The Sixth Amendment right to confront witnesses provides that "in all criminal prosecutions, the accused shall enjoy the right…to be confronted with the witnesses against him."  


CONFRONTATION 

The right to confront witnesses is a bedrock principle of a defedant's Sixth Amendment rights, however the constitutional analysis of whether that right has been violated has changed in recent years.  In Crawford v. Washington, 541 U.S. 36 (2004), the Supreme Court fundamentally changed the manner in which the right to confrontation should be analyzed.  Prior to Crawford, courts could admit out-of-court statements if the hearsay statement fell within a “firmly-rooted exception” or if it bore “particularized guarantees of trustworthiness.” Ohio v. Roberts, 448 U.S. 56, 66 (1980).  The Crawford decision rejected the reliability test as a basis for admissibility and instead looked first to whether the statement is "testimonial evidence."  If the statement is testimonial, the Confrontatation Clause renders the statement inadmissible unless 1) the declarant was unavailable AND 2) the defendant had a prior opportunity to cross-examine the declarant.

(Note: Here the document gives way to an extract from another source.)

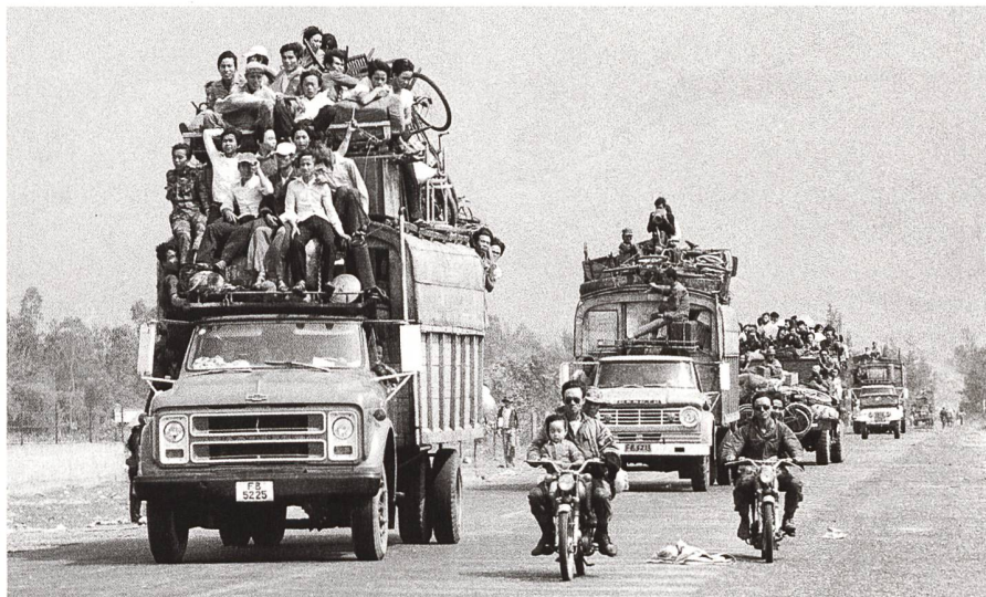
Frühjahr 1975, in Massen flüchten die Bewohner aus der Militärregion I (Region Da Nang) vor den anrückenden Kommunisten südwärts.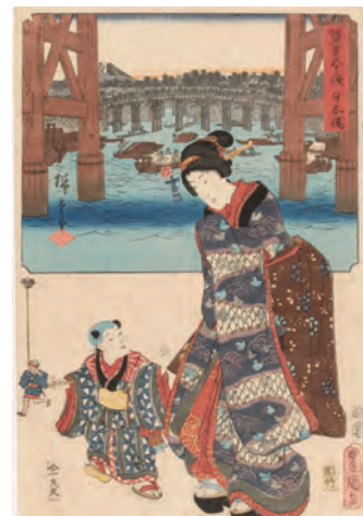
[Part1展示作品] 歌川広重、三代歌川豊国 『雙筆五十三次 日本橋』当館蔵

The Court nevertheless carved out some exceptions to the right to confrontation:

1) Wrongdoing: If a witness becomes unavailable as a result of the defendant's actions, the right is forfeited.

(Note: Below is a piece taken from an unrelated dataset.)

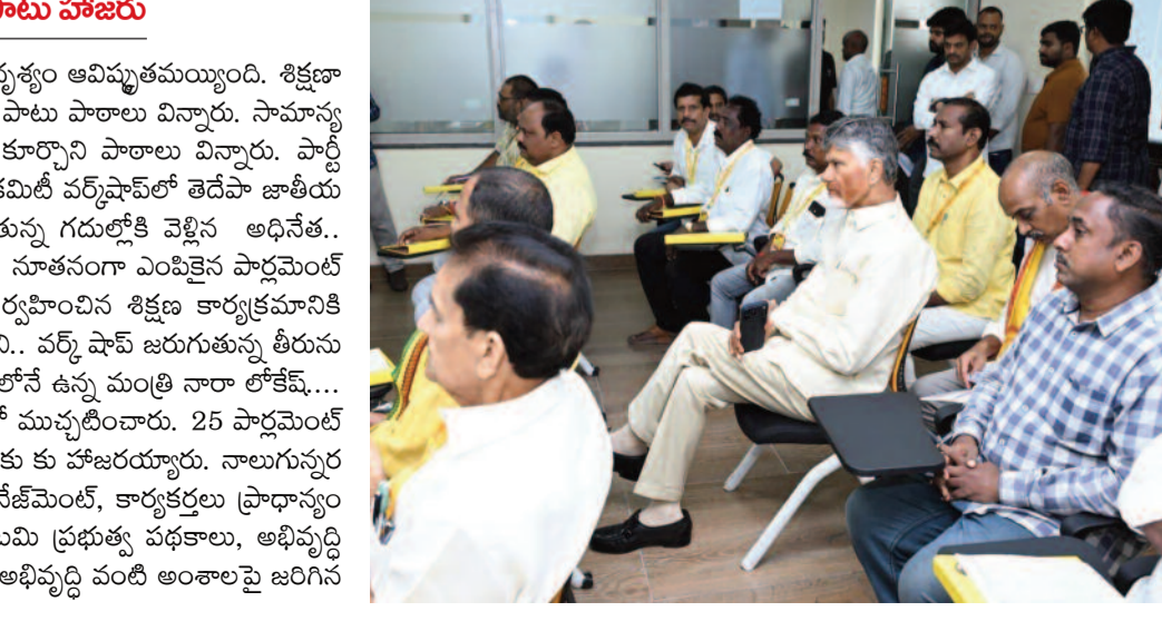
అమరావతి, జనవరి 27: టిడిపి కార్యాలయంలో అరుదైన దృశ్యం ఆవిష్కృతమయ్యింది.

అమరావతి, జనవరి 27: టిడిపి కార్యాలయంలో అరుదైన దృశ్యం ఆవిష్కృతమయ్యింది. శిక్షణ తరగతులకు హాజరైన పార్టీ అధినేత చంద్రబాబు అందరితో పాటు పాఠాలు విన్నారు. సామాన్య కార్యకర్తలానే సీఎం చంద్రబాబు పార్టీ శిక్షణ తరగతుల్లో కూర్చోని పాఠాలు విన్నారు. పార్టీ కేంద్ర కార్యాలయం ఎన్టీఆర్ భవన్ లో జరిగిన పార్టీ కమిటీ వర్క్ షాప్ లో తెదేపా జాతీయ అధ్యక్షుడు చంద్రబాబు పాల్గొన్నారు. వర్క్ షాప్ జరుగుతున్న గదుల్లోకి వెళ్లిన అధినేత.. నేతల మధ్య కూర్చోని శిక్షణ తరగతులను ఫాలో అయ్యారు. నూతనంగా ఎంపికైన పార్టీ కమిటీ పార్టీ అధ్యక్షులకు మాజీ మంత్రి పత్తిపాటి పుల్లారావు నిర్వహించిన శిక్షణ కార్యక్రమానికి చంద్రబాబు హాజరయ్యారు. నాయకులు చెప్పేది శ్రద్ధగా విని.. వర్క్ షాప్ జరుగుతున్న తీరును పరిశీలించారు. ఇవాళ ఉదయం నుంచి పార్టీ కార్యాలయంలోనే ఉన్న మంత్రి నారా లోకేశ్... ప్రతి గదిలోకి వెళ్లి వర్క్ షాప్ లోని అన్ని బృందాల సభ్యులతో ముచ్చటించారు. 25 పార్టీ కమిటీలకు సంబంధించి 1050 మంది కమిటీ సభ్యులు వర్క్ షాప్ లకు హాజరయ్యారు. నాలుగున్నర రోజుల పాటి ప్రయాణం, పార్టీ భావజాలం, క్యాండర్ మేనేజ్ మెంట్, కార్యకర్తల ప్రాధాన్యం వంటి అంశాలపై శిక్షణ తరగతులు నిర్వహించారు. కూటమి ప్రభుత్వ పథకాలు, అభివృద్ధి కార్యక్రమాలు, విజన్ ప్రణాళికలు, అన్ని ప్రాంతాల సమగ్ర అభివృద్ధి వంటి అంశాలపై జరిగిన వర్క్ షాప్ లో సీఎం పాల్గొన్నారు.

2) Dying declaration: See Michigan v. Bryant, 562 U.S. 344 (2011) discussion of dying declaration as an historical exception to the right to confrontation.

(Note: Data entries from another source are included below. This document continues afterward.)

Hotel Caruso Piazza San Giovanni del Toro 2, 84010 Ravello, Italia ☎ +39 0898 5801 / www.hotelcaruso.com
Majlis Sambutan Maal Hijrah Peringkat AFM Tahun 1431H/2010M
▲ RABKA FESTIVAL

The Court clarified Crawford’s “testimonial” requirement in Davis v. Washington, 547 U.S. 813 (2006) and Melendez-Diaz v. Massachusetts, 557 U.S. 305 (2009).  In Davis, the Court ruled that statements made in a 911 call and in the course of an emergency were not "testimonial" in nature and were not generated for the purpose of being used in a future prosecution.  Given that the 911 call is not testimonial, the Crawford analysis does not apply.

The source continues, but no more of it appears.